Copy the records below exactly, omitting any pictures they contain.
---
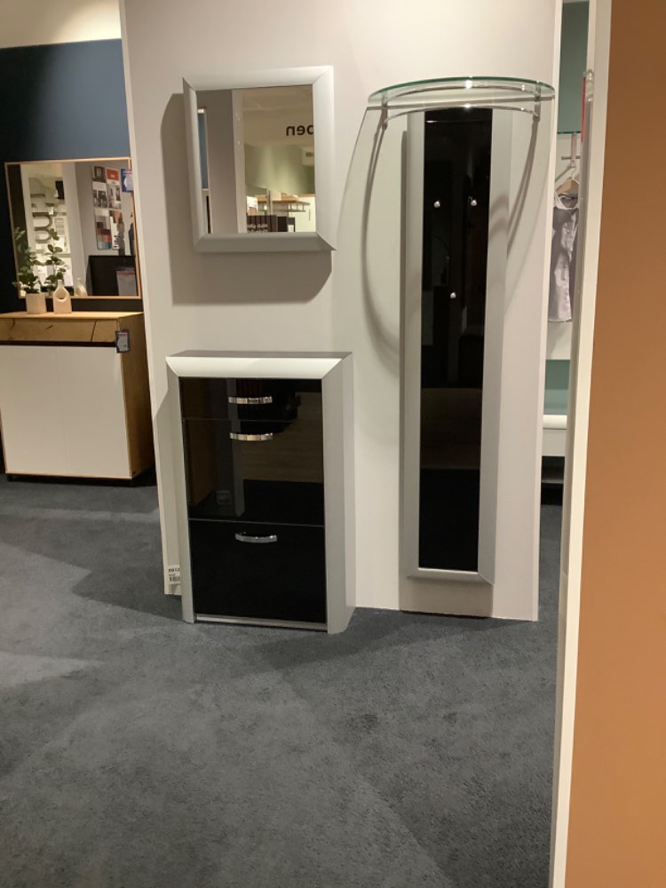 Glas schwarz/ Rahmen Alu geriffelt Bestehend aus: Schuhschrank B/H/T ca.: 66/103/25cm Garderobenpaneel B/H/T ca.: 62/170/30cm Spiegel B/H/T ca.: 54/60/8cm
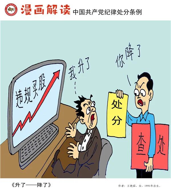 漫说党纪 漫画解读《中国共产党纪律处分条例》 违反有关规定买卖股票或者进行其他证券投资的,情节较轻的,给予警告或者严重警告处分;情节较重的,给予撤销党内职务或者留党察看处分;情节严重的,给予开除党籍处分。 违反有关规定从事有偿中介活动的,情节较轻的,给予警告或者严重警告处分;情节较重的,给予撤销党内职务或者留党察看处分;情节严重的,给予开除党籍处分。
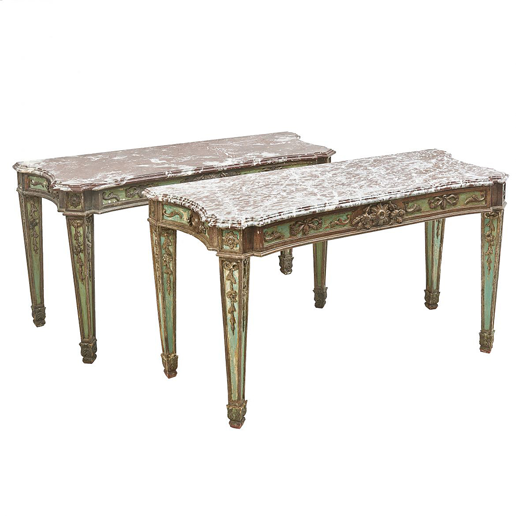 ITALIAN NEOCLASSICAL CONSOLE TABLE CARVED AND SILVER GILDED ON A PALE TORQUOISE / GREEN GROUND WITH SHAPED AND MOULDED BROWN RANCE MARBLE TOP CIRCA 1780 86 CM HIGH 163 CM WIDE 68 CM DEEP (X2)
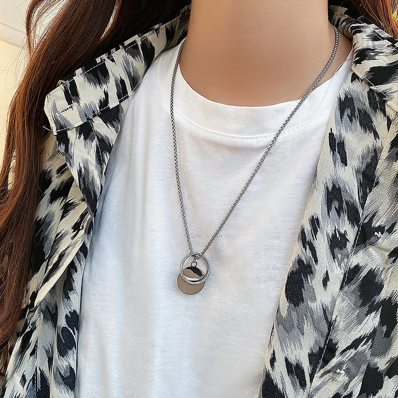 Ring necklace ins cool style personality simple trendy titanium steel hip hop pendant round brand ring chain sweater chain
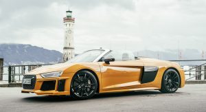This means that the lesser version of the Audi R8 matches the power of its more potent sibling. We don’t know what its new 0-100km/h (62mph) acceleration time is, but it definitely slashes something off the 3.5sec needed before the conversion, and probably comes very close to the V10 Plus’ 3.2sec.
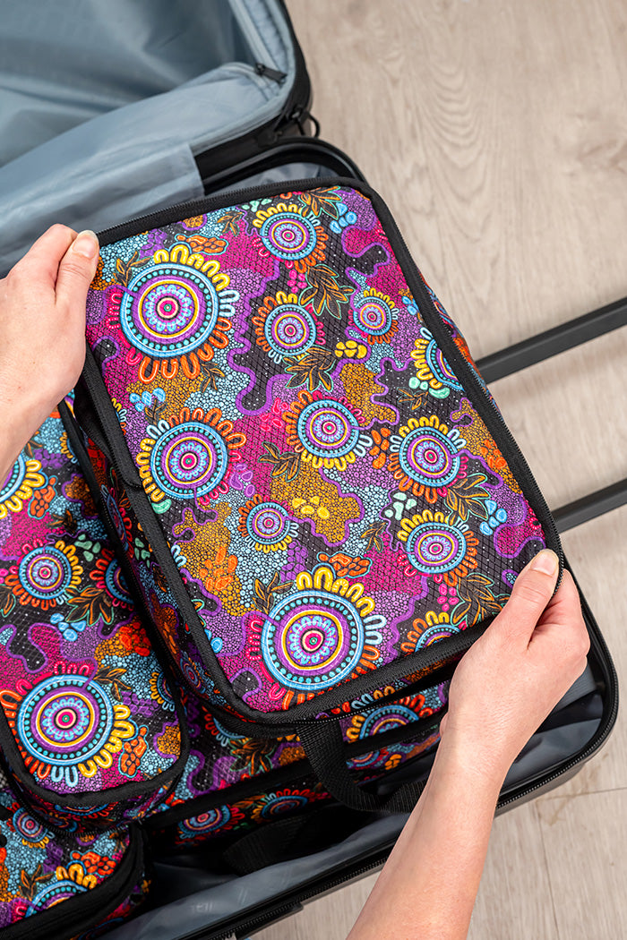 Travels ahead? Stay organised in style on your next adventure with our 5 pack of packing cubes featuring vibrant First Nations designs.
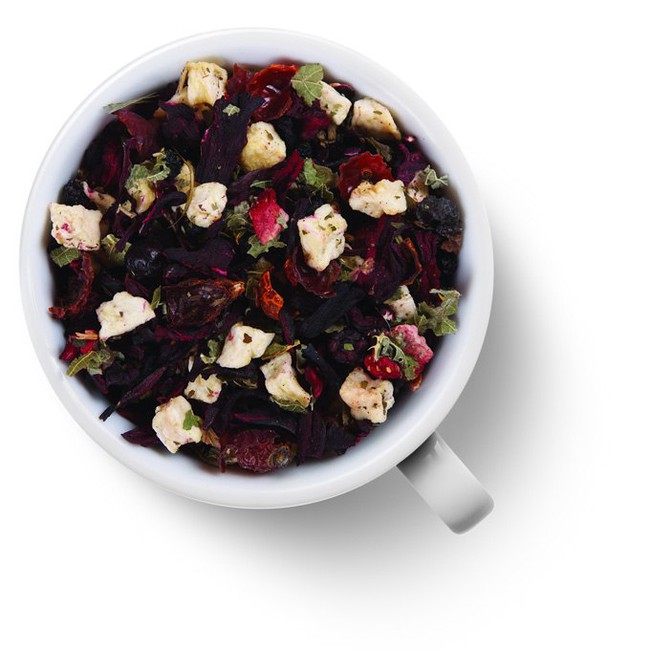 Краткое описание: Лепестки гибискуса, розы, листья и ягоды черники, садовой бузины, кусочки клубники, черная смородина, гранулированная малина. Сливочно-малиновый-барбарисовый аромат. Напиток ароматизирован натуральными маслами.
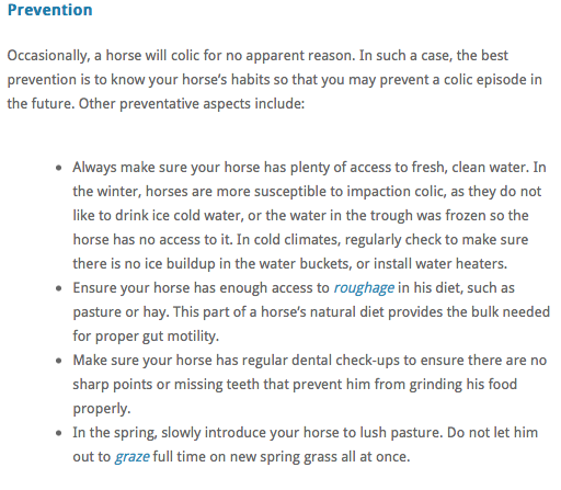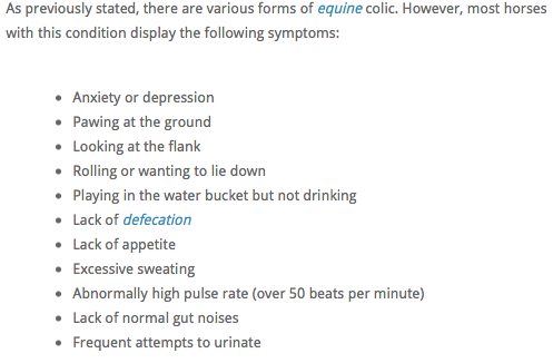 Resources for colic 24.jpg Acid-Base Balance and Electrolytes.jpg anesthesia for horses.url Blood Gases.jpg Causes of Colic.jpg Causes of colic that requires surgery.pdf classic surgery for colic.url colic.cmap colic checklist.jpg Colic overview video.url Colic Signs.url Colic signs video.url Colic surgery video.url Colic surgery Video 1.url complications-and-management.pdf Complications and prognosis.png Complictions and prognosis1.png Conference Article on Medical Management of Equine Colic.pdf Equine - Management of Colic in Equine Practice.pdf Equine Normal Parameters.jpg Evaluation of Mucous Membranes.url General Finding.url General Findings.url General Information.url General Landmarks.url General Signs.png Gut Sounds.jpg History.jpg Impaction Colic.png Nasogastric Intubation Video.url Normal Anatomical Landmarks.jpg Overview and Medical Management.url Packed Cell Volume and Total Protein.jpg Pain Assessment.jpg Peripheral Perfusion.jpg Post op management.png Post op management1.png Predisposing Factor to Colic.jpg Prevention.png Pulse and Heart Rate.jpg Rectal Examination.jpg rolling.JPG Spasmodic Colic.png Ultrasonography For Colic.pdf Vital Signs Chart.pdf
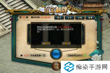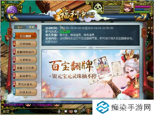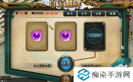 活动期间,可以在游戏界面右上角点击“福利”找到“百宝翻牌”按钮参与活动。通过将三张牌凑成同一图案,可以赢得元宝、道具、积分等奖励。通过同时置换三张牌,或者在两张牌已经相同的情况下,单独抽取第三张牌来完成整个图案。参与活动的首次置换完全免费,每15分钟还能获得一次免费置换三张牌的机会。
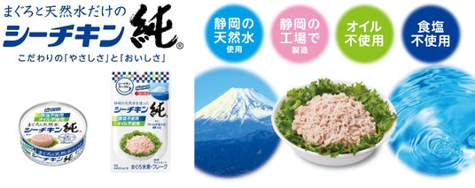 まぐろと天然水だけ、食塩・オイル不使用の“超”シンプルなシーチキンがメインユーザーも使いやすい食感に改良し、1食分のプチサイズで登場!
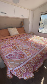 There’s so many uses for these stunning throws ~ They can be used as a picnic rug down the beach or park for the whole family to sit on, as a bed throw for extra warmth or to decorate or change the colour way of your bed, a lounge throw to add texture, vibrancy or warmth, a beach towel to dry yourself with after a swim in the ocean, a blanket to snuggle up in around a fire or to watch a movie, a wall hanger to display as beautiful Indigenous tapestry & more.
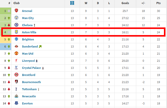 如今英超13轮战罢,维拉已经来到了积分榜第4名,重新成为了前四名有力竞争者。
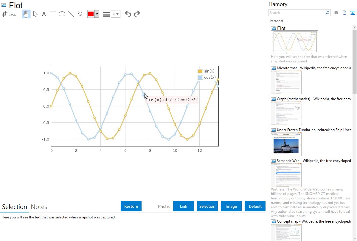 Flamory helps you capture and store screenshots from Flot by pressing a single hotkey. It will be saved to a history, so you can continue doing your tasks without interruptions. Later, you can edit the screenshot: crop, resize, add labels and highlights. After that, you can paste the screenshot into any other document or e-mail message.
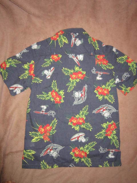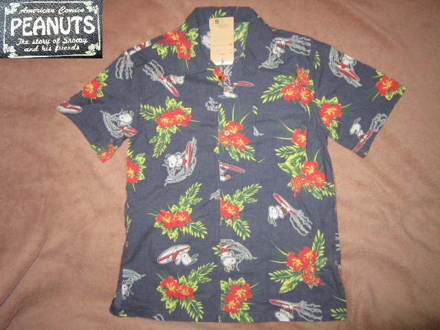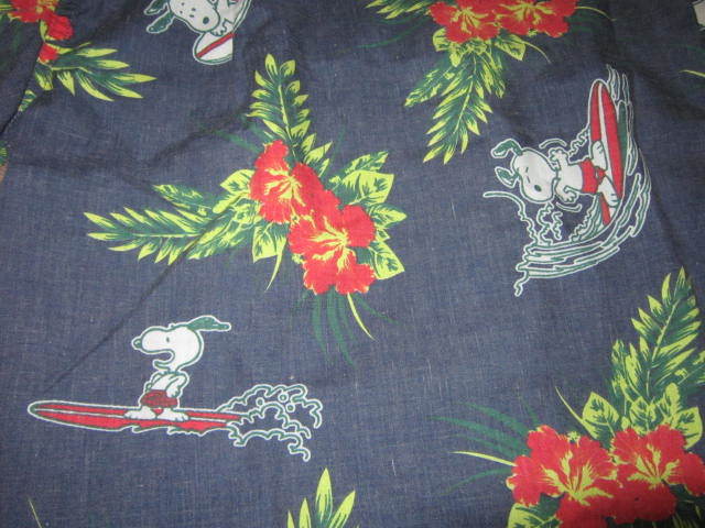 PEANUTS ピーナッツ スヌーピー サーフィン柄 アロハシャツ M サーフ SURF サーファー ハイビスカス ココナッツボタン
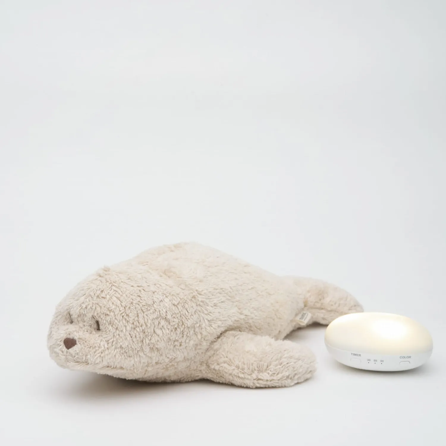 Moonie sælen er fremstillet i økologisk bomuld og udstyret med genopladelig lyd- og lysmodul. Den er nem at bruge, sikker for selv nyfødte og en smuk del af både soveværelset og hverdagen.
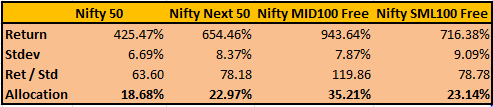 But the above model may not be suitable for someone who is starting of today and is saving for the very long term, for example Retirement. The aggressive model is currently at  30 : 70 in favor of debt and while this in a way signifies that there is Risk of a draw-down / lower returns going forward, this may not be a big issue for a investor who has saved very little, but wants to deploy small amounts regularly over time.
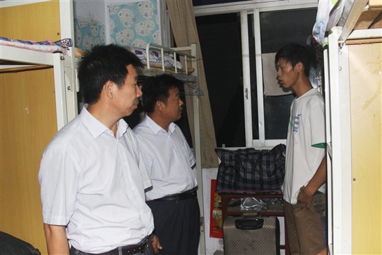 领导深入宿舍与新生们进行了亲切的交谈,了解他们的入住情况,并对有困难的学生给予了及时的帮助。王东平书记认真细致的询问了每位学生的家庭情况,对学生提出的问题进行了一一的解答,并对家庭有困难的学生讲解了有关贷款的问题;史本林院长告诫他们,要珍惜大学的四年时光,即使进入了大学,也不能放松学习;郑颖贞副书记希望同学们尽早实现从家庭生活到学校生活的转变,培养自己的自立能力;魏理老师告诉同学们在宿舍里要注意用电安全。
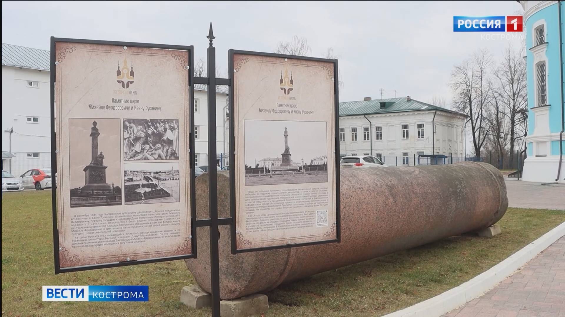 Чудом уцелевшая колонна царского памятника выставлена в Костромском кремле
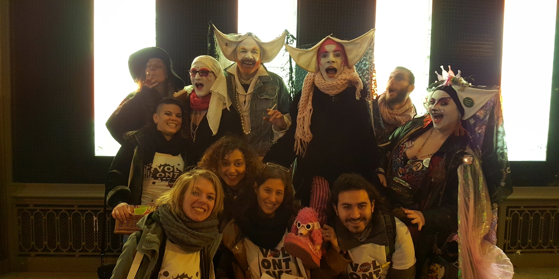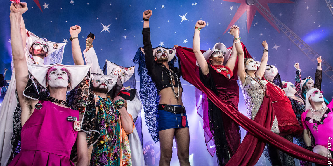 Sœur Rose : Nous sommes un ordre pauvre, agnostique et dérisoire de folles radicales. Tout a commencé en 1979 à San Francisco le dimanche de Pâques. Des amis se faisaient chier, ils avaient des robes de bonnes sœurs dans leurs penderies et ils se sont dit : « Tiens, si on allait faire les connes dans le quartier gay. ». À l’époque, dans les bars gay, il fallait être viril, avoir un pantalon de cuir, un débardeur blanc et une grosse moustache. C’était une image très stéréotypée, limitante et oppressante. Ils sont sortis dans la rue avec leurs grosses barbes, leurs tenues de bonnes sœurs, leurs voiles noirs et ont débarqué dans les bars. Et là, au lieu de se marrer comme ils s’y attendaient, les gens sont venus les voir en se disant : « Chouette, des bonnes sœurs qui nous ressemblent, à qui on va pouvoir raconter nos histoires, nos problèmes… » et il s’est passé un vrai truc dans l’échange avec les gens, une réelle interaction. En quelques mois, les Sœurs ont trouvé le nom et elles ont commencé à sortir, à militer, à être présentes sur des manifestations. Leur première manif fut contre l’assassinat de bonnes sœurs par la CIA au Salvador, et la suivante suite à l’accident de Three Mile Island, qui est le plus gros accident nucléaire civil aux États-Unis. Deux sujets très différents mais avec la volonté d’être un ordre dans la cité, conscient de ce qui s’y passe, à son service et de ses humains.
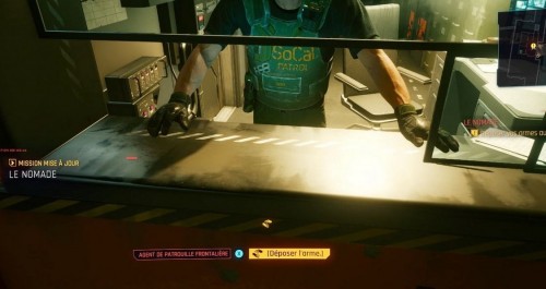 Подъезжайте к границе и зарегистрируйтесь вместе с Джеки, а затем выйдите из машины и войдите в здание пограничной службы. Оставьте оружие на стойке администратора перед тем, как идти в комнату 2. Сядьте и ждите.
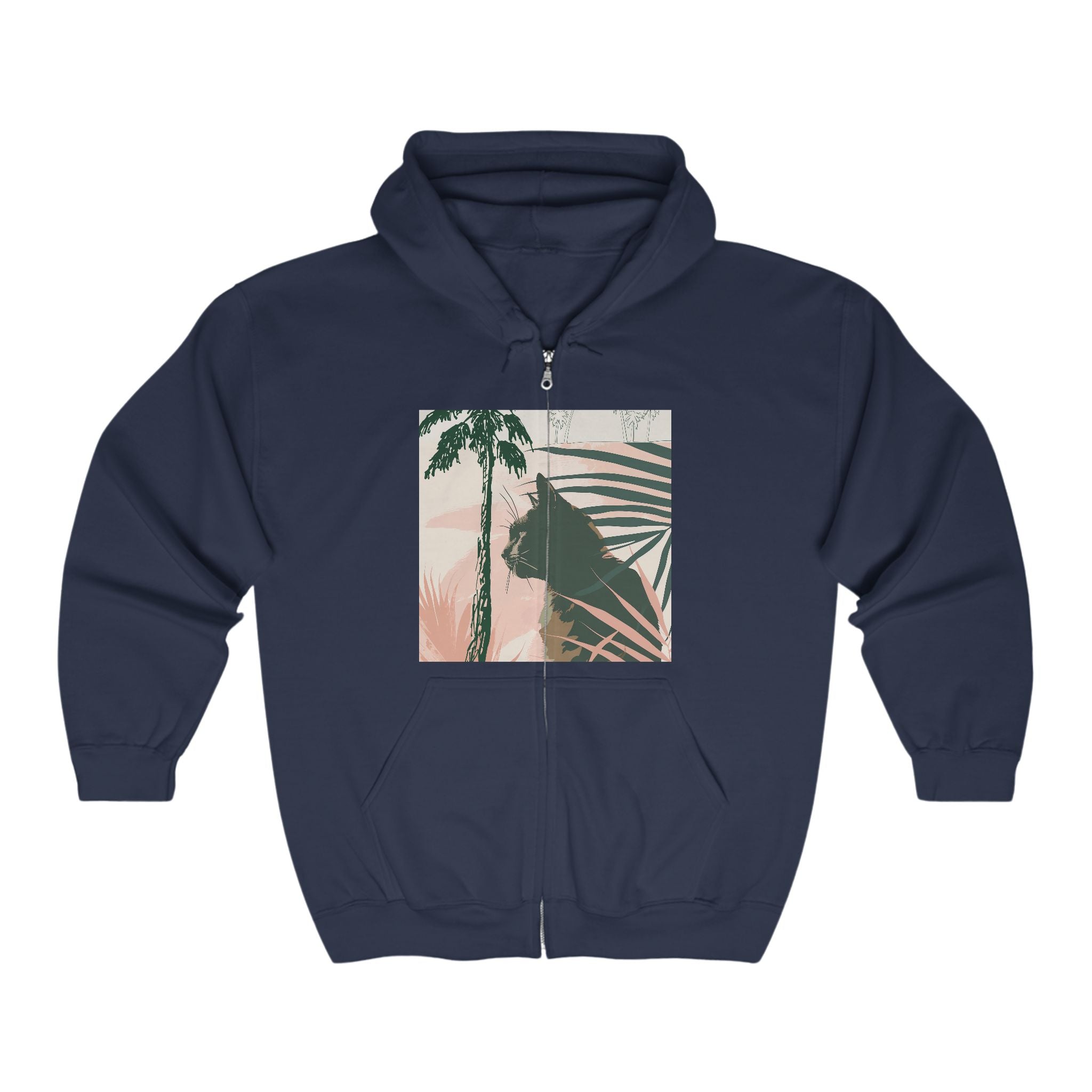 Step into a world where the allure of the jungle meets the playful spirit of a sleek black cat. This striking hoodie showcases an enchanting design that effortlessly blends vibrant palm leaves with the silhouette of our mysterious feline friend. It’s not just clothing; it’s a bold expression of your love for nature and all things whimsical.
---
EXERCISE RESULT:
 Glas schwarz/ Rahmen Alu geriffelt Bestehend aus: Schuhschrank B/H/T ca.: 66/103/25cm Garderobenpaneel B/H/T ca.: 62/170/30cm Spiegel B/H/T ca.: 54/60/8cm
 漫说党纪 漫画解读《中国共产党纪律处分条例》 违反有关规定买卖股票或者进行其他证券投资的,情节较轻的,给予警告或者严重警告处分;情节较重的,给予撤销党内职务或者留党察看处分;情节严重的,给予开除党籍处分。 违反有关规定从事有偿中介活动的,情节较轻的,给予警告或者严重警告处分;情节较重的,给予撤销党内职务或者留党察看处分;情节严重的,给予开除党籍处分。
 ITALIAN NEOCLASSICAL CONSOLE TABLE CARVED AND SILVER GILDED ON A PALE TORQUOISE / GREEN GROUND WITH SHAPED AND MOULDED BROWN RANCE MARBLE TOP CIRCA 1780 86 CM HIGH 163 CM WIDE 68 CM DEEP (X2)
 Ring necklace ins cool style personality simple trendy titanium steel hip hop pendant round brand ring chain sweater chain
This means that the lesser version of the Audi R8 matches the power of its more potent sibling. We don’t know what its new 0-100km/h (62mph) acceleration time is, but it definitely slashes something off the 3.5sec needed before the conversion, and probably comes very close to the V10 Plus’ 3.2sec.
 Travels ahead? Stay organised in style on your next adventure with our 5 pack of packing cubes featuring vibrant First Nations designs.
 Краткое описание: Лепестки гибискуса, розы, листья и ягоды черники, садовой бузины, кусочки клубники, черная смородина, гранулированная малина. Сливочно-малиновый-барбарисовый аромат. Напиток ароматизирован натуральными маслами.
 Resources for colic 24.jpg Acid-Base Balance and Electrolytes.jpg anesthesia for horses.url Blood Gases.jpg Causes of Colic.jpg Causes of colic that requires surgery.pdf classic surgery for colic.url colic.cmap colic checklist.jpg Colic overview video.url Colic Signs.url Colic signs video.url Colic surgery video.url Colic surgery Video 1.url complications-and-management.pdf Complications and prognosis.png Complictions and prognosis1.png Conference Article on Medical Management of Equine Colic.pdf Equine - Management of Colic in Equine Practice.pdf Equine Normal Parameters.jpg Evaluation of Mucous Membranes.url General Finding.url General Findings.url General Information.url General Landmarks.url General Signs.png Gut Sounds.jpg History.jpg Impaction Colic.png Nasogastric Intubation Video.url Normal Anatomical Landmarks.jpg Overview and Medical Management.url Packed Cell Volume and Total Protein.jpg Pain Assessment.jpg Peripheral Perfusion.jpg Post op management.png Post op management1.png Predisposing Factor to Colic.jpg Prevention.png Pulse and Heart Rate.jpg Rectal Examination.jpg rolling.JPG Spasmodic Colic.png Ultrasonography For Colic.pdf Vital Signs Chart.pdf
 活动期间,可以在游戏界面右上角点击“福利”找到“百宝翻牌”按钮参与活动。通过将三张牌凑成同一图案,可以赢得元宝、道具、积分等奖励。通过同时置换三张牌,或者在两张牌已经相同的情况下,单独抽取第三张牌来完成整个图案。参与活动的首次置换完全免费,每15分钟还能获得一次免费置换三张牌的机会。
 まぐろと天然水だけ、食塩・オイル不使用の“超”シンプルなシーチキンがメインユーザーも使いやすい食感に改良し、1食分のプチサイズで登場!
 There’s so many uses for these stunning throws ~ They can be used as a picnic rug down the beach or park for the whole family to sit on, as a bed throw for extra warmth or to decorate or change the colour way of your bed, a lounge throw to add texture, vibrancy or warmth, a beach towel to dry yourself with after a swim in the ocean, a blanket to snuggle up in around a fire or to watch a movie, a wall hanger to display as beautiful Indigenous tapestry & more.
 如今英超13轮战罢,维拉已经来到了积分榜第4名,重新成为了前四名有力竞争者。
 Flamory helps you capture and store screenshots from Flot by pressing a single hotkey. It will be saved to a history, so you can continue doing your tasks without interruptions. Later, you can edit the screenshot: crop, resize, add labels and highlights. After that, you can paste the screenshot into any other document or e-mail message.
 PEANUTS ピーナッツ スヌーピー サーフィン柄 アロハシャツ M サーフ SURF サーファー ハイビスカス ココナッツボタン
 Moonie sælen er fremstillet i økologisk bomuld og udstyret med genopladelig lyd- og lysmodul. Den er nem at bruge, sikker for selv nyfødte og en smuk del af både soveværelset og hverdagen.
 But the above model may not be suitable for someone who is starting of today and is saving for the very long term, for example Retirement. The aggressive model is currently at  30 : 70 in favor of debt and while this in a way signifies that there is Risk of a draw-down / lower returns going forward, this may not be a big issue for a investor who has saved very little, but wants to deploy small amounts regularly over time.
 领导深入宿舍与新生们进行了亲切的交谈,了解他们的入住情况,并对有困难的学生给予了及时的帮助。王东平书记认真细致的询问了每位学生的家庭情况,对学生提出的问题进行了一一的解答,并对家庭有困难的学生讲解了有关贷款的问题;史本林院长告诫他们,要珍惜大学的四年时光,即使进入了大学,也不能放松学习;郑颖贞副书记希望同学们尽早实现从家庭生活到学校生活的转变,培养自己的自立能力;魏理老师告诉同学们在宿舍里要注意用电安全。
 Чудом уцелевшая колонна царского памятника выставлена в Костромском кремле
 Sœur Rose : Nous sommes un ordre pauvre, agnostique et dérisoire de folles radicales. Tout a commencé en 1979 à San Francisco le dimanche de Pâques. Des amis se faisaient chier, ils avaient des robes de bonnes sœurs dans leurs penderies et ils se sont dit : « Tiens, si on allait faire les connes dans le quartier gay. ». À l’époque, dans les bars gay, il fallait être viril, avoir un pantalon de cuir, un débardeur blanc et une grosse moustache. C’était une image très stéréotypée, limitante et oppressante. Ils sont sortis dans la rue avec leurs grosses barbes, leurs tenues de bonnes sœurs, leurs voiles noirs et ont débarqué dans les bars. Et là, au lieu de se marrer comme ils s’y attendaient, les gens sont venus les voir en se disant : « Chouette, des bonnes sœurs qui nous ressemblent, à qui on va pouvoir raconter nos histoires, nos problèmes… » et il s’est passé un vrai truc dans l’échange avec les gens, une réelle interaction. En quelques mois, les Sœurs ont trouvé le nom et elles ont commencé à sortir, à militer, à être présentes sur des manifestations. Leur première manif fut contre l’assassinat de bonnes sœurs par la CIA au Salvador, et la suivante suite à l’accident de Three Mile Island, qui est le plus gros accident nucléaire civil aux États-Unis. Deux sujets très différents mais avec la volonté d’être un ordre dans la cité, conscient de ce qui s’y passe, à son service et de ses humains.
 Подъезжайте к границе и зарегистрируйтесь вместе с Джеки, а затем выйдите из машины и войдите в здание пограничной службы. Оставьте оружие на стойке администратора перед тем, как идти в комнату 2. Сядьте и ждите.
 Step into a world where the allure of the jungle meets the playful spirit of a sleek black cat. This striking hoodie showcases an enchanting design that effortlessly blends vibrant palm leaves with the silhouette of our mysterious feline friend. It’s not just clothing; it’s a bold expression of your love for nature and all things whimsical.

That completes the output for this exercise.